Chapter 9
Finch rolls down the privacy barrier as they reach their destination, ready for his defense as soon as Reese notices.
"The Pierre, really, Harold?"
"I know your preference is for run-down old holes where you think you can hide better, John, but I might note that the staff at a luxury hotel is actually better at looking the other way when they see something out of the norm. Say, a doctor walking in wearing a pair of hospital slippers. I've taken the liberty of booking you for a week. Dr. and Mr. Johnson."
Finch passes a keycard into Reese's hand — he's also taken the liberty of hacking the hotel's system and checking them in already. Reese doesn't protest, but Finch also suspects that he'll move them well before the week is up. Finch shifts his focus in the rear view mirror to what he's been curious about the whole drive, Jessica Arndt.
The number Nathan managed to save. Finch had forgotten her number had been up on the screen when Nathan confronted him about the irrelevant list. He suspects she was the first person Nathan saved, but was she the last? Was Nathan trying to save numbers in those years before his death?
After Nathan had confronted Finch, he'd become more distant, checking in only every few days, sometimes once a week. Finch had assumed it was his anger over the irrelevant list, but what if Nathan had been out trying to save the numbers during that time?

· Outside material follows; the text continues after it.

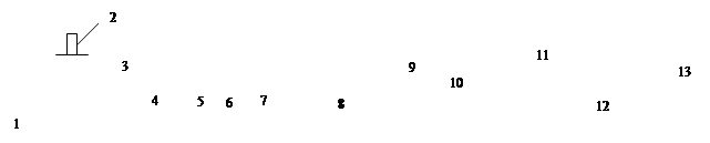 Рис.1. Схема экструзионной линии производства полиэтиленовых труб: 1- промежуточная емкость; 2- сушилка; 3-загрузочный бункер; 4- экструдер; 5 – экспрузионная головка; 6 – калибр; 7- вакуумная ванна охлаждения; 8- ванны охлаждения (2 шт); 9- устройство маркирующее, 12- приемное устройство; 13- намоточное устройство Характеристика основного оборудования приведена в таблице 7 Таблица 7

And what if one of the numbers Nathan tried to save had ultimately been what got him killed? Finch was certain it was the machine, somehow finding a way to defend itself from what it perceived to be a threat, somehow routing death Nathan's way. Finch will never forget the sight of the driverless truck looming in the window, approaching Nathan in the driver's seat, that moment of horror before disaster and death.
It's a small comfort, as he pulls the car in front of the hotel entrance, to think that such a moment may not have come from the machine he'd created, at least in as direct a way as he'd thought. If Nathan was doing what he is doing now, trying to save the numbers, then Nathan may well have died in the same way Finch assumes he will, someday, by intervening with the wrong number.
He considers these things as he watches them enter the hotel, and he can't help but watch Jessica in her ill-fitting blue scrubs until she is out of sight. Any other numbers out there are speculation, but she has been saved by Nathan. Part of Finch has been steeped in years of computer science, years of statistics and probabilities, all of the skills he needed to build the machine, and that part bristles at the circumstances. But the part of Finch that reads voraciously and collects first editions of classic literature tells himself that perhaps, somehow, this was meant to be, and for now, that part of him is winning.
Finch pulls the car out into traffic and works his way down to Saks, where he valets the car, and walks into the store, relieved to be done with driving for awhile. He hates driving, especially in the city — there's a reason why he has a driver on call, all the time — but more and more of what they do require a level of discretion he doesn't trust any of his drivers to have.
This part, at least, is simple. He pulls aside a personal shopper, a slim brunette woman with a "Leslie" name tag he gauges to be near Jessica's age, and tells her the airline has lost his clients' luggage and they need things to get them through the next few days: clothes, shoes, new suitcases. It takes her an hour to gather up everything he's asked for; he thanks her and tips her very well.
There are more things Finch needs to do immediately for them — a stop at a pharmacy with the small bag he'd asked Leslie to leave empty, and then back to the hotel to drop off the luggage. But Finch's mind is already turning to the longer-term problem they have: Snow is not going to leave things like this. If Finch can't find a way to divert him, he'll continue to be a problem for Reese, Jessica, Carter, all of them.
Reese likes to joke that there is no machine, only Harold, but there is some truth to this. Finch is the one who built it up from nothing over the years, who created what may be the most complex artificial intelligence in the world, who then trained it, painstakingly, to think the same way Finch would, but with the ability to process several trillion times the input a normal human can.
The machine would be able to find something on Mark Snow, Finch is certain, if it was still an open system and he gave it the right instructions. Given enough time and patience, Finch will be able to do the same, and he wants nothing more than to be done with these errands so he can get back to the library and begin.